Q9 for Frank: "For Apostles Only" Gifts?

My attempt at a laconic response to your last answer followed up with my next question:
-I'm arguing that the Kingdom of God will be manifested in power, but that doesn't mean I'm saying that is the only way it is revealed. The snapshot of my view is in my introduction...here...about a thousand words down:)
-We're in agreement that Acts 2 and the epistles you mentioned provide us pictures and instructions of what Kingdom life should look like in the church.
But it also seems to me that you're giving the alleged silence of these passages a lot more weight to your view than the clarity of other passages against your view. 
For example, if the gifts are apostolic in nature and for apostles only as you suggest; and the daily life of the church far more ordinary in your view as allegedly evidenced by Paul's other epistles, what then do you do when you find in one of his letters to the Corinthian church, Paul commanding the ordinary believers to eagerly desire these so called "for apostles only" gifts?   
In light of this, could it not be that built in to Paul's "ordinary" or  "normal",  is the assumption that the Holy Spirit is present and continuing to give these gifts to the church as He wills?

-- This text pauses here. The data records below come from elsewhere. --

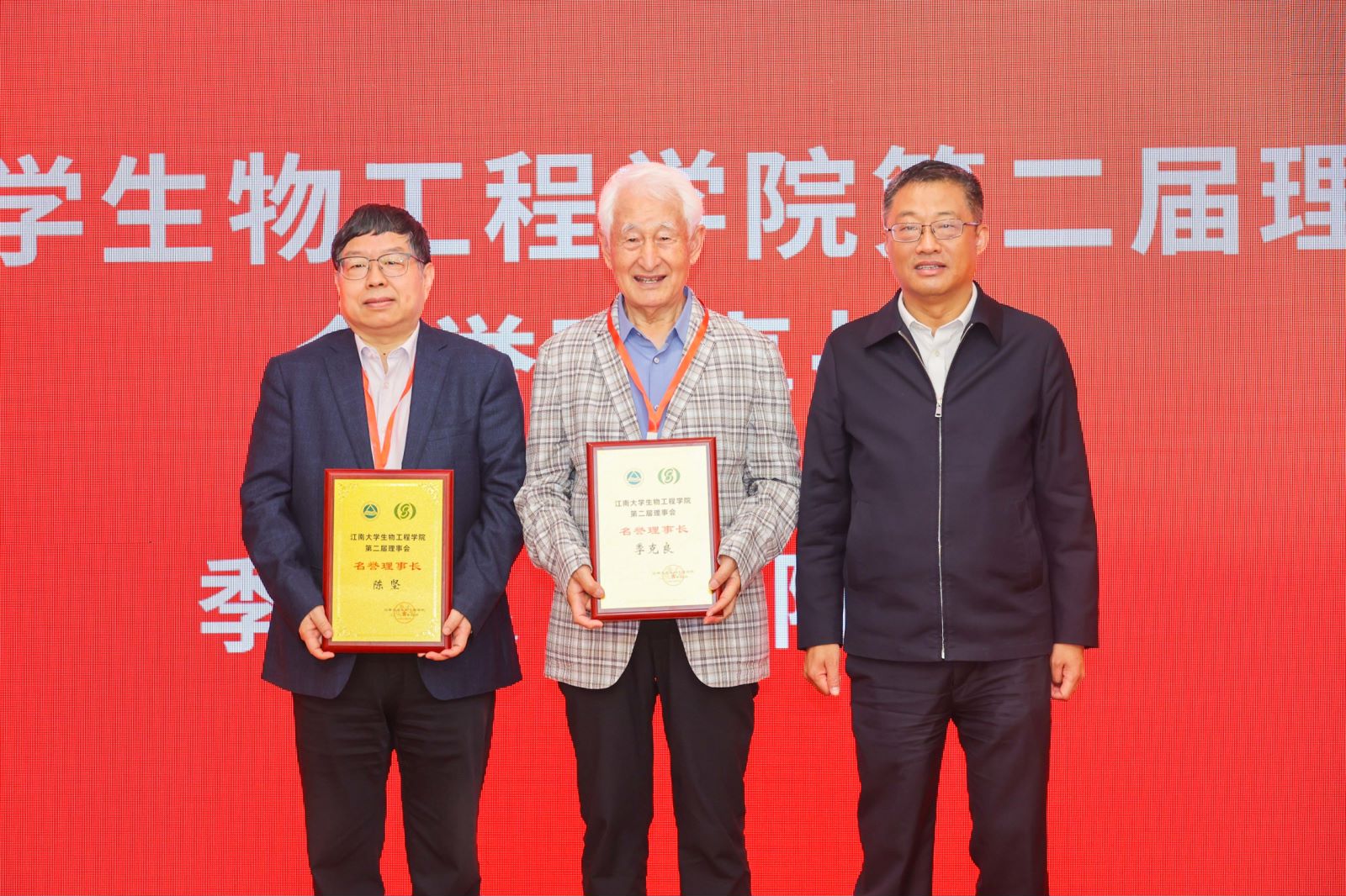 会议审议并通过了《江南大学生物工程学院理事会章程》《江南大学生物工程学院第二届理事会成员名单》。季克良、陈坚为生物工程学院第二届理事会名誉理事长,陈卫分别为名誉理事长授牌。张影陆为副理事长单位和常务理事单位授牌。张梁为理事单位代表授牌。
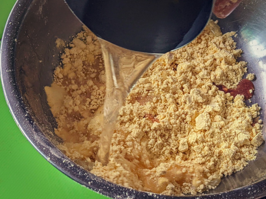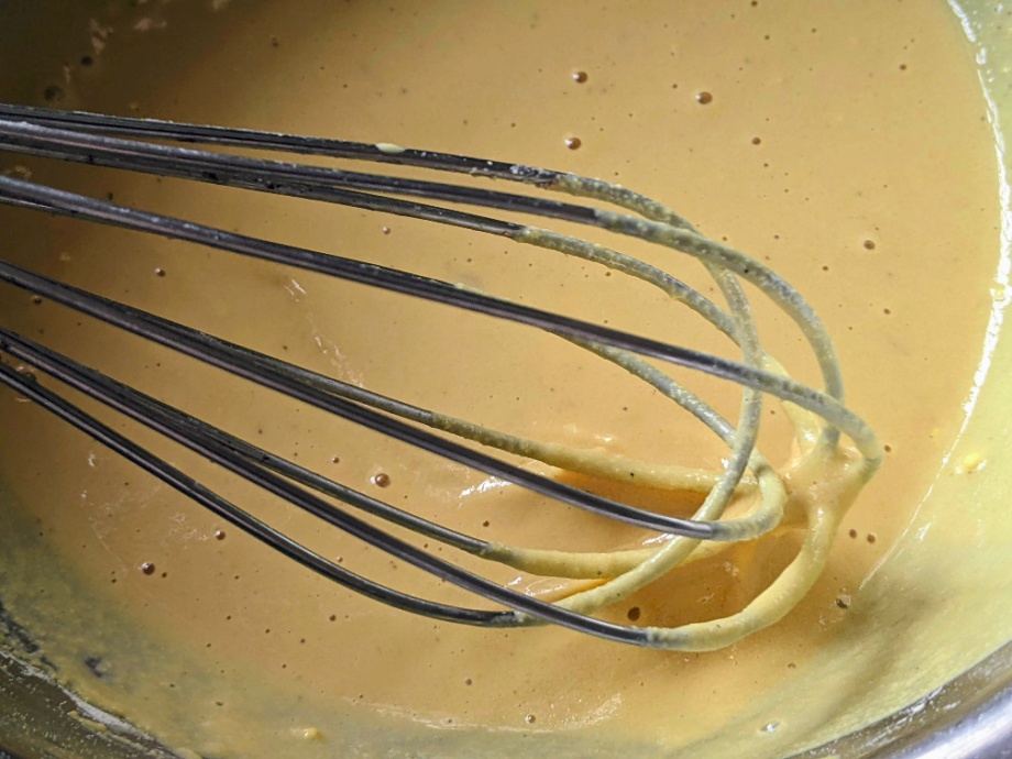 - Whisk together the chickpea flour, kimchi brine, water, baking powder, and pink salt until you have a smooth batter.
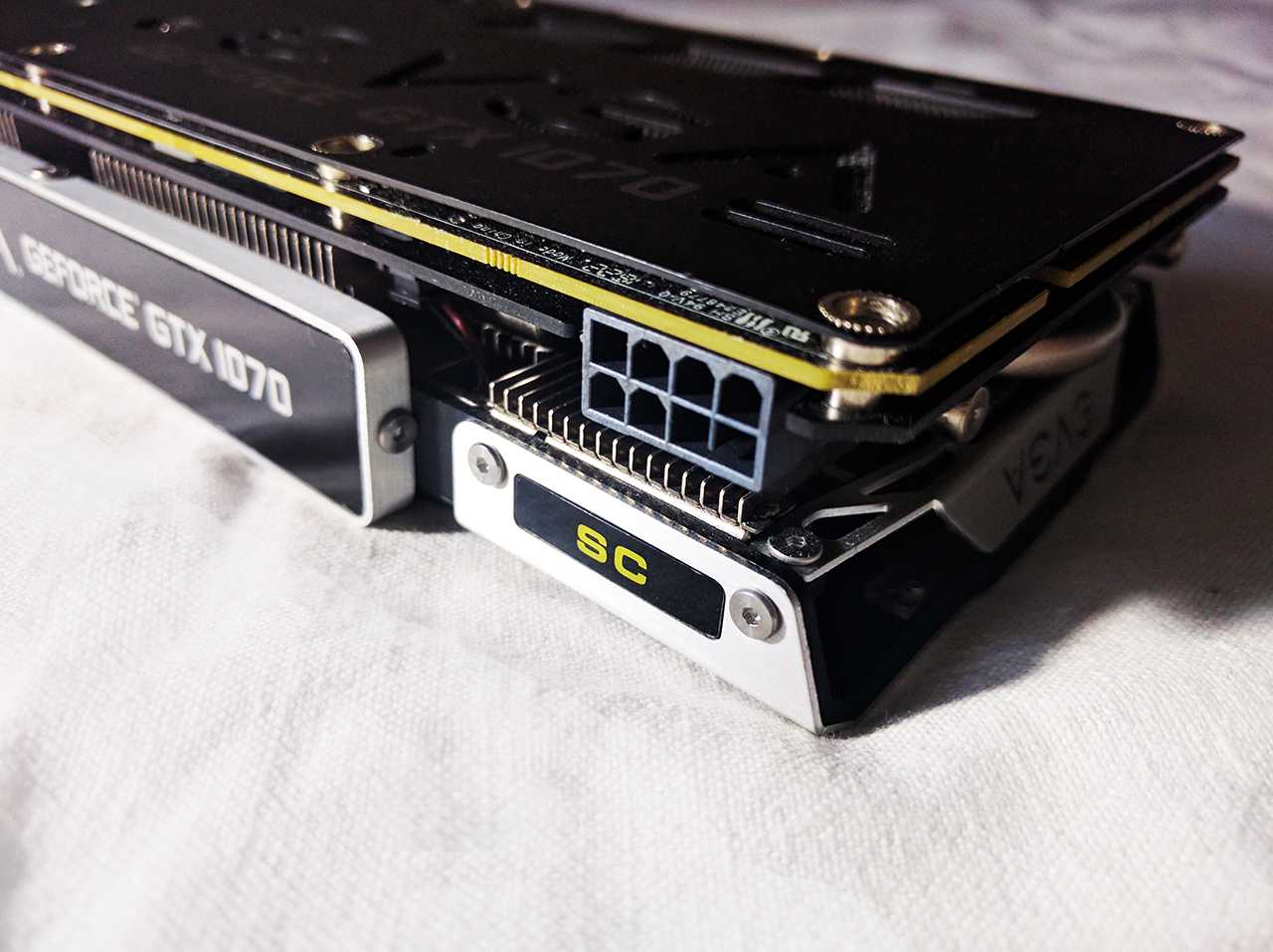 У версии EVGA 1070 SuperClocked всего один 8-пиновый разъем питания. И этого вполне хватает для работы, даже при неплохом разгоне. Более мощная версия с усиленной системой питания, модель FTW, работает от двух 8-пиновых разъемов.
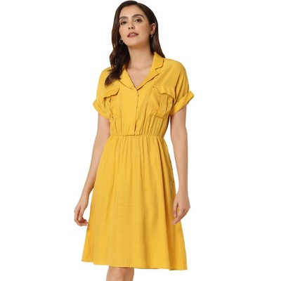 INSPIRE CHIC Women's Cotton Ruffled Cap Sleeve Tie Waist Button Casual Office Shirt Dress Medium Yellow
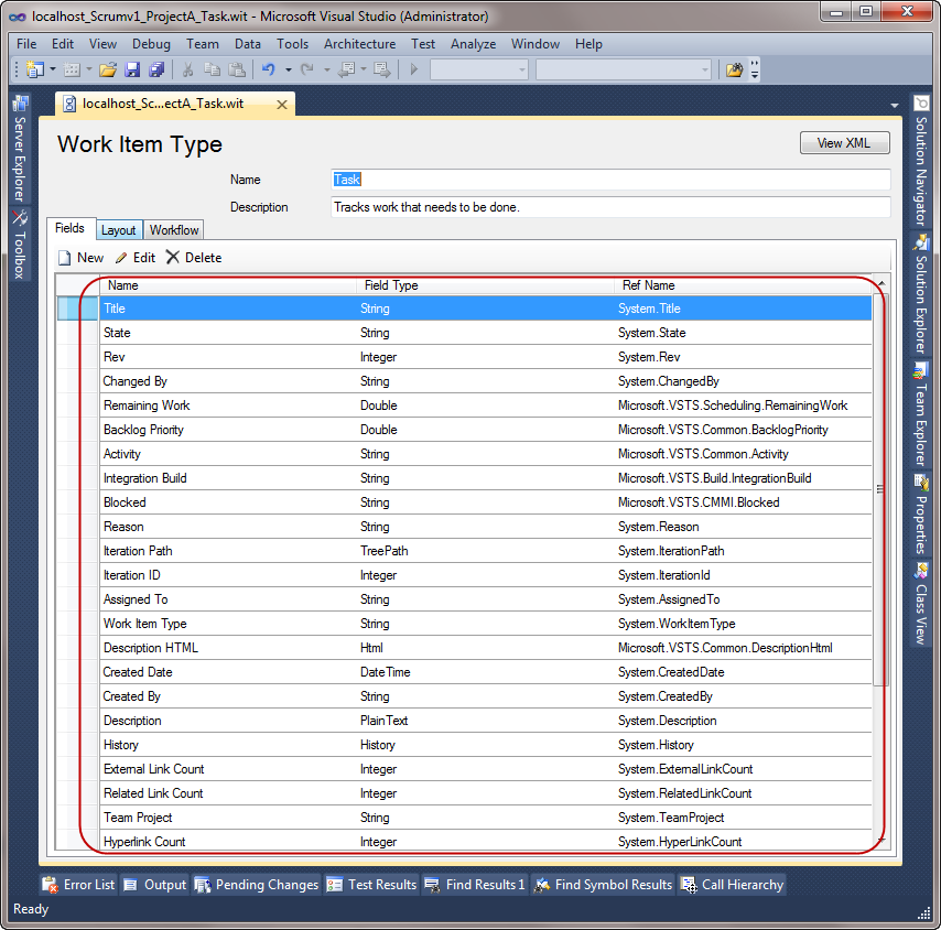 如果您安装了TFS电动工具,您将得到流程模板编辑器。如果打开要在其中查看字段的工作项,则将得到所有字段的列表。
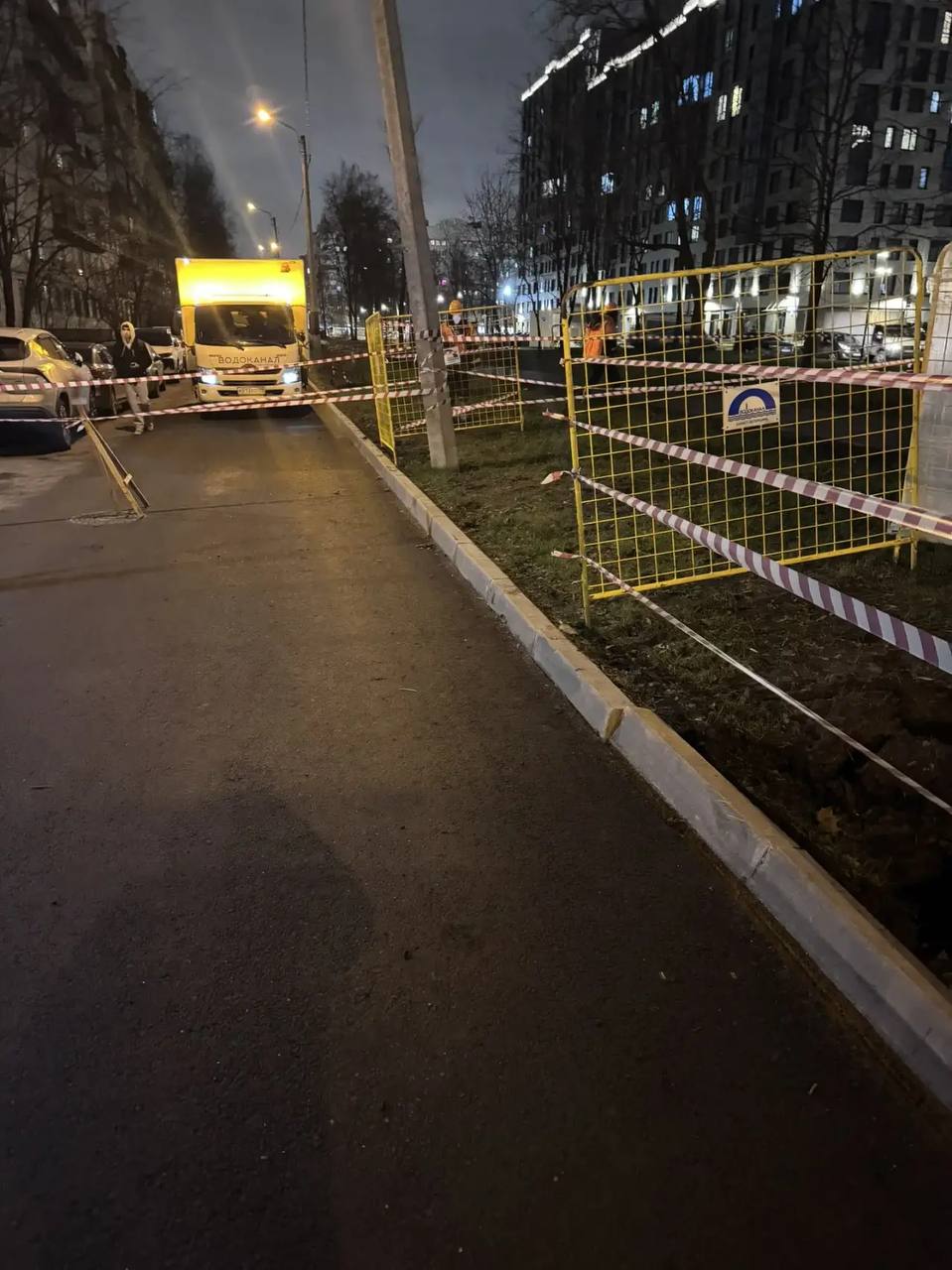 Наклон обнаружили у четырех столбов, место вытекания уже огородили. Автомобилистов просят отогнать машины из опасной зоны.
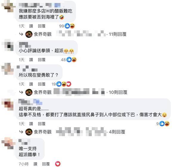 貼文曝光後,一票網友紛紛嘲諷,直呼「小心被賞超派鐵拳」、「你是不是想來碗超哥今晚研發的新菜色:丼手丼腳?」、「評論送拳頭喔」、「謝謝超哥,讓大家知道有錢就可以把人打破頭縫10針」、「飯後甜點送饅頭」、「身為美食評論家學點武功防身也是需要的八」、「醋飯天條」。

What I do with 1 Cor 11-14 is what Paul does with it: I expect good order and activity for the edification of the church. When I have asked you how I will know whether this is done or not, you have accused me of unsavory motives and provided me with a post-Biblical (to avoid saying unbiblical) explanation of the use of Apostolic gifts.

What worries me is that your second question assumes that I think the Holy Spirit is absent from the local church and the believer, or that the only way we can know He is present is that if the most spectacular effects of his presence are regularly manifest. I think the bulk of the NT actually says otherwise.

Before outlining that, let's be clear about something: arguing from silence is not an effective tactic. Arguing from what is actually said -- saying the things Paul and Jesus actually said -- is the effective way to use God's word. If the Holy Spirit is saying anything today (and He is) it starts with what the Bible actually says and not what we think is suggested in the silences.

So, for example, the presence of the Holy Spirit is demonstrated by being taught all the things Jesus taught and bringing to remembrance all that he has said, and also keeping all his commandments (John 14); speaking the word of God in boldness (Acts 4); people will be converted to Christ (Acts 9); God's love will be evident (Rom 5); there will be righteousness, peace and joy (Rom 14); there will be purity, patience, kindness, goodness and love (2 Cor 6). That is: the Holy Spirit is primarily working in the ordinary life of the church and the believer by conforming them to righteousness and their new birth in Christ.

You may want to go back to Acts and show all the miracles taking place there -- and I grant them all. But I grant them pointing out that these are the "Acts of the Apostles," not the "Acts of every believer always."

My view of it -- and this is important to see that this is the view that the vast majority of believers prior to the 20th century -- is that there is an office of Apostle, they have a special place in the history of God's church and revelation, they have gifts we do not, and we ought to be concerned with the ordinary things the Holy Spirit ought to be doing in our lives rather than hoping for things which, in the history of faith which the Bible describes, are both rare and extraordinary.